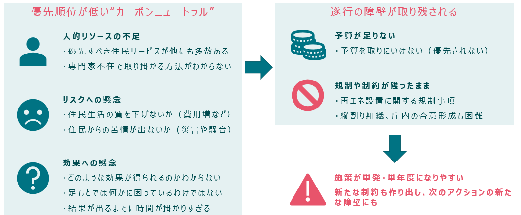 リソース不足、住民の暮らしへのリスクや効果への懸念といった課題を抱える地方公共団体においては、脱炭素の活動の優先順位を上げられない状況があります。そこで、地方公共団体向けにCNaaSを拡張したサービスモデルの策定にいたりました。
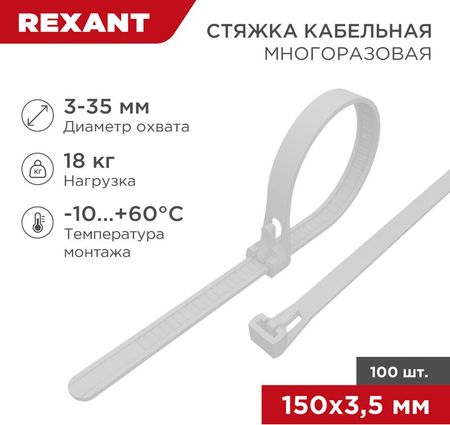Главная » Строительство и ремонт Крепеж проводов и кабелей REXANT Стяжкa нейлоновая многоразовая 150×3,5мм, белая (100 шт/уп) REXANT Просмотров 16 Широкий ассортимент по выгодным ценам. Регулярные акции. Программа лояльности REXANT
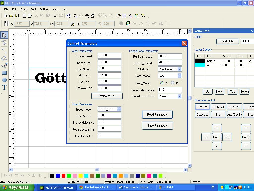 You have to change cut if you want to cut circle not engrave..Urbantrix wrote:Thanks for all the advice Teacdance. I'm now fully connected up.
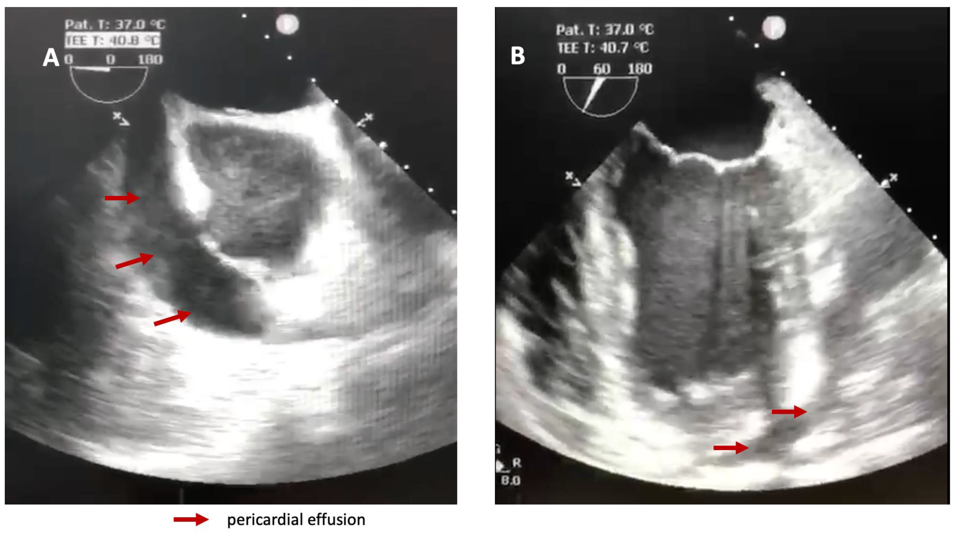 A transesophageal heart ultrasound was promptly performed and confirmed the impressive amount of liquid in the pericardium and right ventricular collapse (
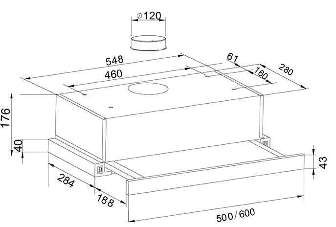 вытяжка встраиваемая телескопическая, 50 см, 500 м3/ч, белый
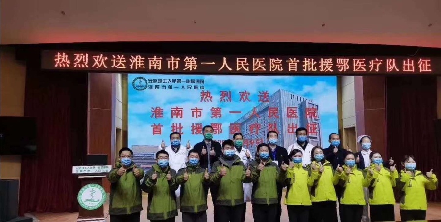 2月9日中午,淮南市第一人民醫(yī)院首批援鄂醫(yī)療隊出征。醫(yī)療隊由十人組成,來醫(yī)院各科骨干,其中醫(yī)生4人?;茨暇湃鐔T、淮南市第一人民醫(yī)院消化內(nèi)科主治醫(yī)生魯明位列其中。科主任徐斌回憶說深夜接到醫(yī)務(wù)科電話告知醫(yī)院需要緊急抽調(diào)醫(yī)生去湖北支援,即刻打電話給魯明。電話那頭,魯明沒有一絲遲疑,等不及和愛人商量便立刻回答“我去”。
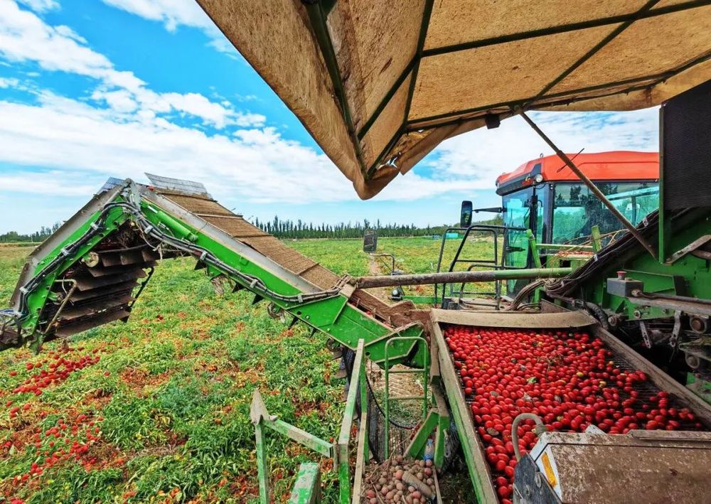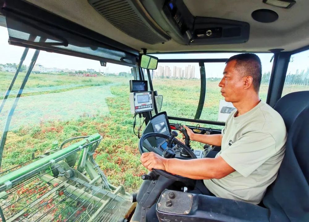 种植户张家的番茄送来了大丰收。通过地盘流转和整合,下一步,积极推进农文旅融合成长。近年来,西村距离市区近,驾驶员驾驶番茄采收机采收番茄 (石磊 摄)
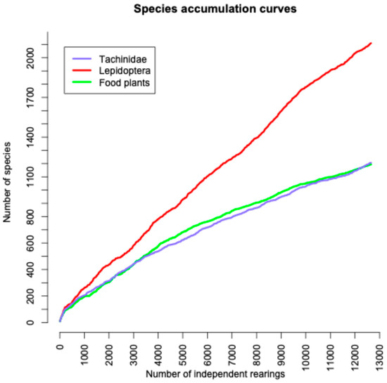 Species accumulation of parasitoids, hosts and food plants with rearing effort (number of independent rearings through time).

○ ○ ○ ○

**What is being asked:** Transcribe every entry exactly, omitting pictures.

**Solution to the exercise:**
 リソース不足、住民の暮らしへのリスクや効果への懸念といった課題を抱える地方公共団体においては、脱炭素の活動の優先順位を上げられない状況があります。そこで、地方公共団体向けにCNaaSを拡張したサービスモデルの策定にいたりました。
Главная » Строительство и ремонт Крепеж проводов и кабелей REXANT Стяжкa нейлоновая многоразовая 150×3,5мм, белая (100 шт/уп) REXANT Просмотров 16 Широкий ассортимент по выгодным ценам. Регулярные акции. Программа лояльности REXANT
 You have to change cut if you want to cut circle not engrave..Urbantrix wrote:Thanks for all the advice Teacdance. I'm now fully connected up.
 A transesophageal heart ultrasound was promptly performed and confirmed the impressive amount of liquid in the pericardium and right ventricular collapse (
 вытяжка встраиваемая телескопическая, 50 см, 500 м3/ч, белый
 2月9日中午,淮南市第一人民醫(yī)院首批援鄂醫(yī)療隊出征。醫(yī)療隊由十人組成,來醫(yī)院各科骨干,其中醫(yī)生4人?;茨暇湃鐔T、淮南市第一人民醫(yī)院消化內(nèi)科主治醫(yī)生魯明位列其中。科主任徐斌回憶說深夜接到醫(yī)務(wù)科電話告知醫(yī)院需要緊急抽調(diào)醫(yī)生去湖北支援,即刻打電話給魯明。電話那頭,魯明沒有一絲遲疑,等不及和愛人商量便立刻回答“我去”。
 种植户张家的番茄送来了大丰收。通过地盘流转和整合,下一步,积极推进农文旅融合成长。近年来,西村距离市区近,驾驶员驾驶番茄采收机采收番茄 (石磊 摄)
 Species accumulation of parasitoids, hosts and food plants with rearing effort (number of independent rearings through time).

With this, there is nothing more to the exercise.